WORKING DATA:
######
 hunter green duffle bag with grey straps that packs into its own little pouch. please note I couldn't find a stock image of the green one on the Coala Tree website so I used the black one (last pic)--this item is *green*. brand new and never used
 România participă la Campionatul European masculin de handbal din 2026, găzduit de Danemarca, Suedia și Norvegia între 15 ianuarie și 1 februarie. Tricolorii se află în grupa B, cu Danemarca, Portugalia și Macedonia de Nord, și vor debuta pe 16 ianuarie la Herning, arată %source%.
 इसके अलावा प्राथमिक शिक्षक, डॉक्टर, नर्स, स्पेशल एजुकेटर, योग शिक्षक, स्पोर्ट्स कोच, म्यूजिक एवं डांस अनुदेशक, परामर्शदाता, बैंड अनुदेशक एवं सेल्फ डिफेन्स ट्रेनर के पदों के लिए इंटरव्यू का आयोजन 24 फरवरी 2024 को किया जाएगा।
######
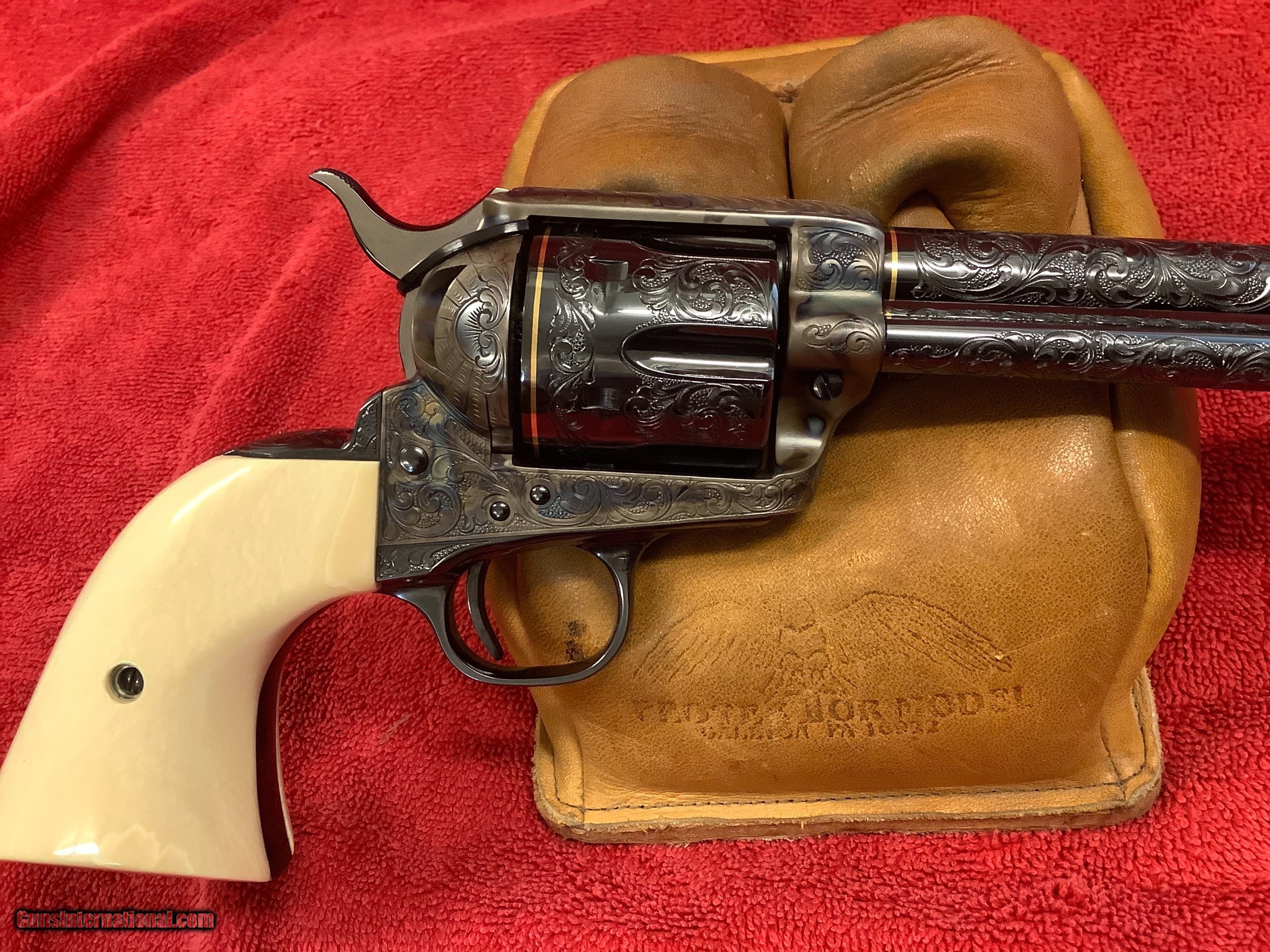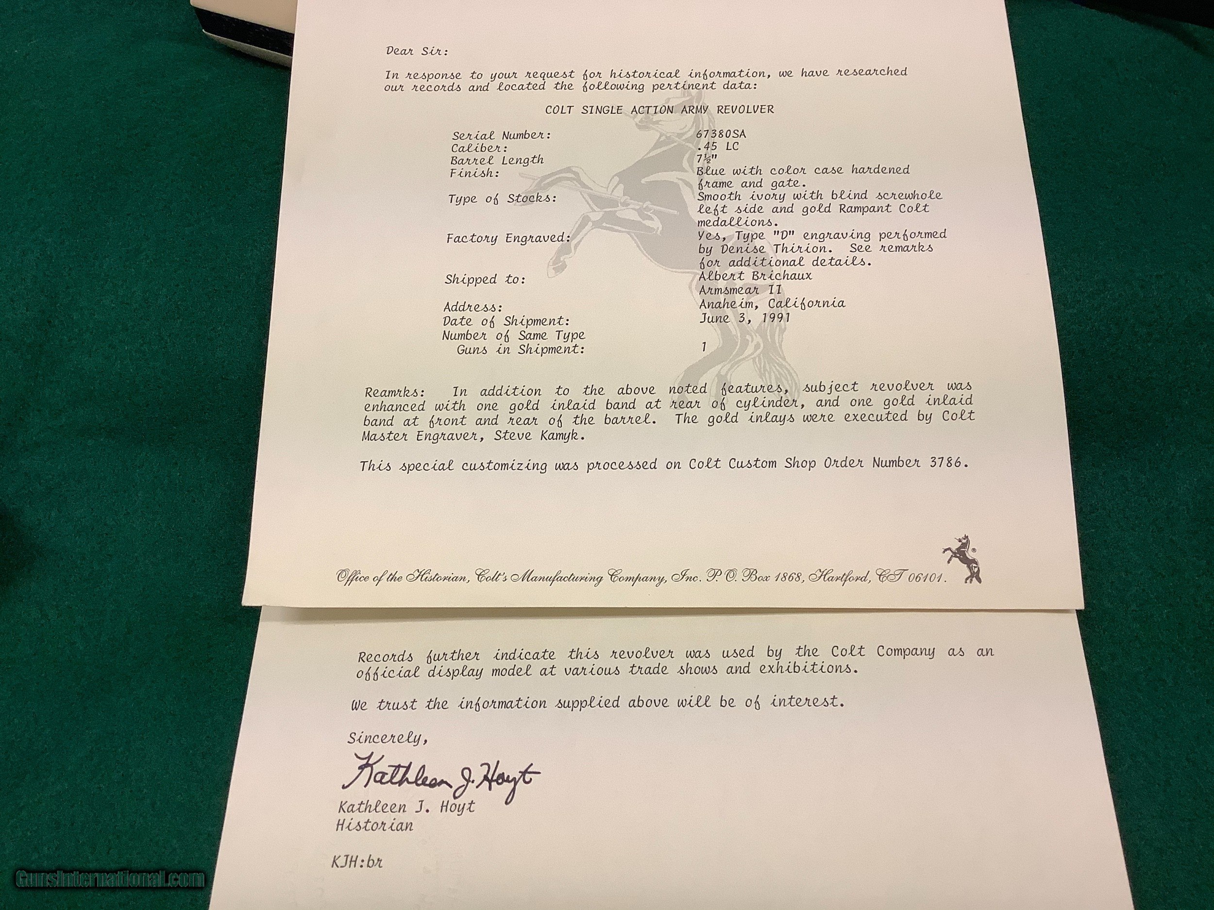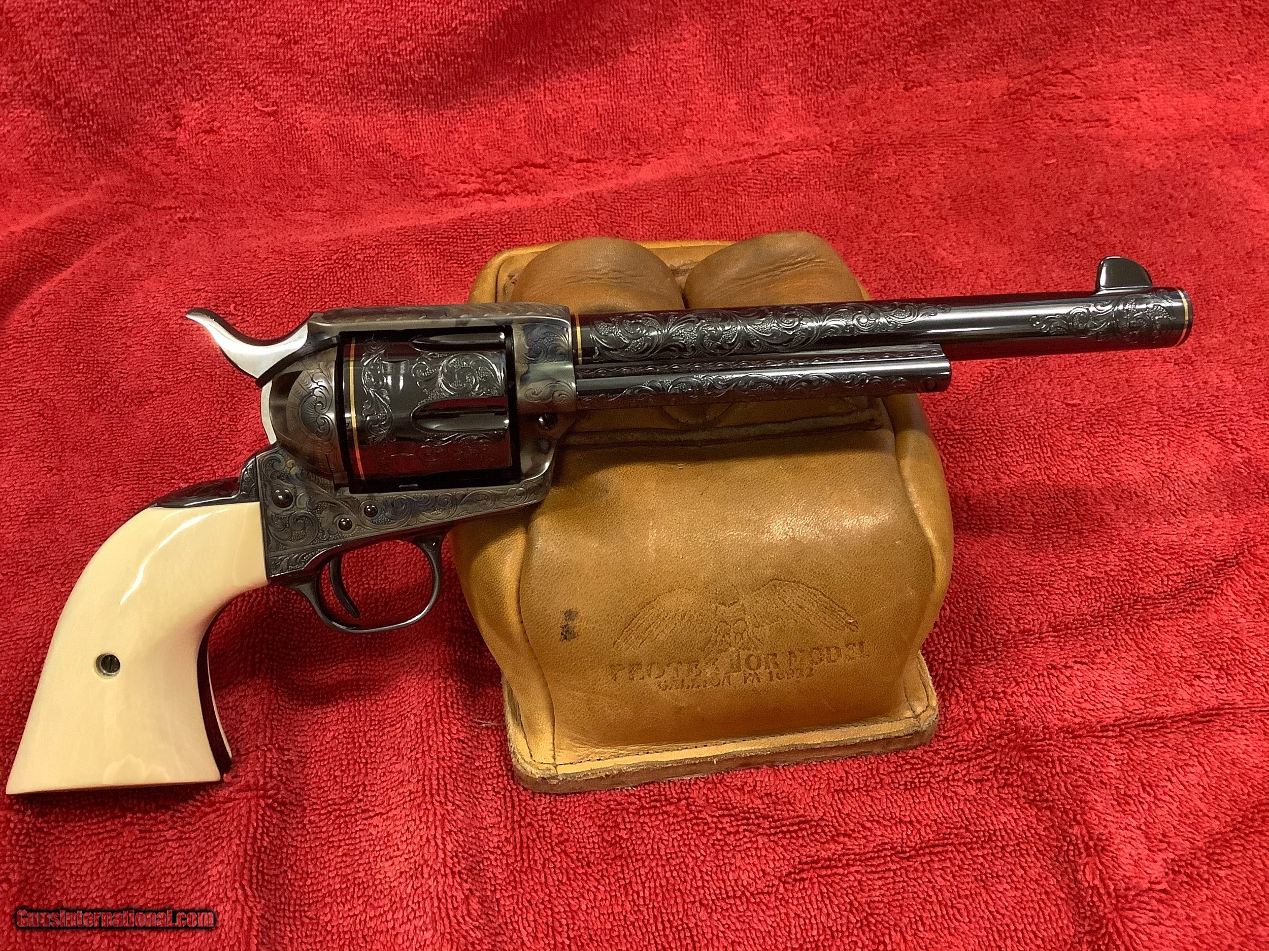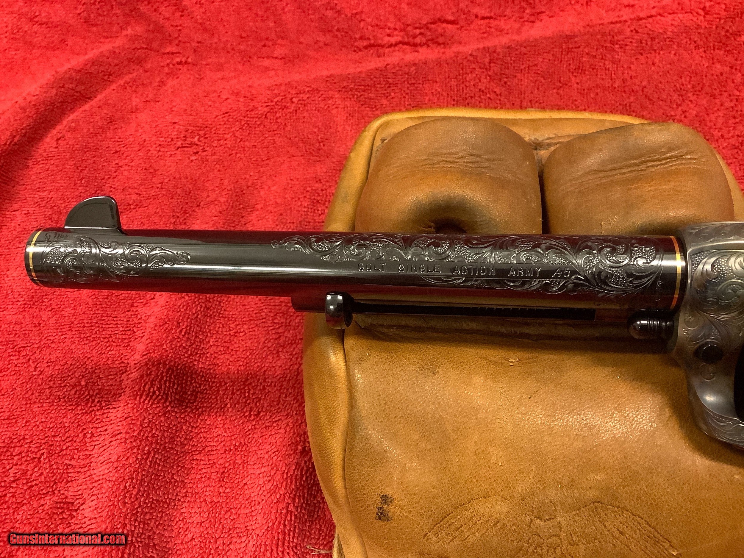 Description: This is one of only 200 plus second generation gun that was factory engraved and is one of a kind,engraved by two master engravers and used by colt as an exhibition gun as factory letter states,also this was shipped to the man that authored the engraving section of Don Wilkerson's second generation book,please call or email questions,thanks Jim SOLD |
######
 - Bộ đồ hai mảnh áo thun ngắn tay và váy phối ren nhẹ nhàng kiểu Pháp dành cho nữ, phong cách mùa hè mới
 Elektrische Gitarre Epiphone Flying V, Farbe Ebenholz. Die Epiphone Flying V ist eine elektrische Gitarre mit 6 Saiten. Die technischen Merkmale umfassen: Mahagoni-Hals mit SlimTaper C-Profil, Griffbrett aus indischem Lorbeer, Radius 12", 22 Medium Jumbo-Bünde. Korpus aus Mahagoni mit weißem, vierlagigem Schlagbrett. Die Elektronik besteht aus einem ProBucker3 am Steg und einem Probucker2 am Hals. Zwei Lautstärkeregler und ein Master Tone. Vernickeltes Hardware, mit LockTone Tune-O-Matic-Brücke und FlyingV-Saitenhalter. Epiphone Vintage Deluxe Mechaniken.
######
EXERCISE OBJECTIVE:
From the records above, quote only the lines running from the line with "hunter green duffle" to the line with "इसके अलावा प्राथमिक", both lines included.

EXERCISE SOLUTION:
 hunter green duffle bag with grey straps that packs into its own little pouch. please note I couldn't find a stock image of the green one on the Coala Tree website so I used the black one (last pic)--this item is *green*. brand new and never used
 România participă la Campionatul European masculin de handbal din 2026, găzduit de Danemarca, Suedia și Norvegia între 15 ianuarie și 1 februarie. Tricolorii se află în grupa B, cu Danemarca, Portugalia și Macedonia de Nord, și vor debuta pe 16 ianuarie la Herning, arată %source%.
 इसके अलावा प्राथमिक शिक्षक, डॉक्टर, नर्स, स्पेशल एजुकेटर, योग शिक्षक, स्पोर्ट्स कोच, म्यूजिक एवं डांस अनुदेशक, परामर्शदाता, बैंड अनुदेशक एवं सेल्फ डिफेन्स ट्रेनर के पदों के लिए इंटरव्यू का आयोजन 24 फरवरी 2024 को किया जाएगा।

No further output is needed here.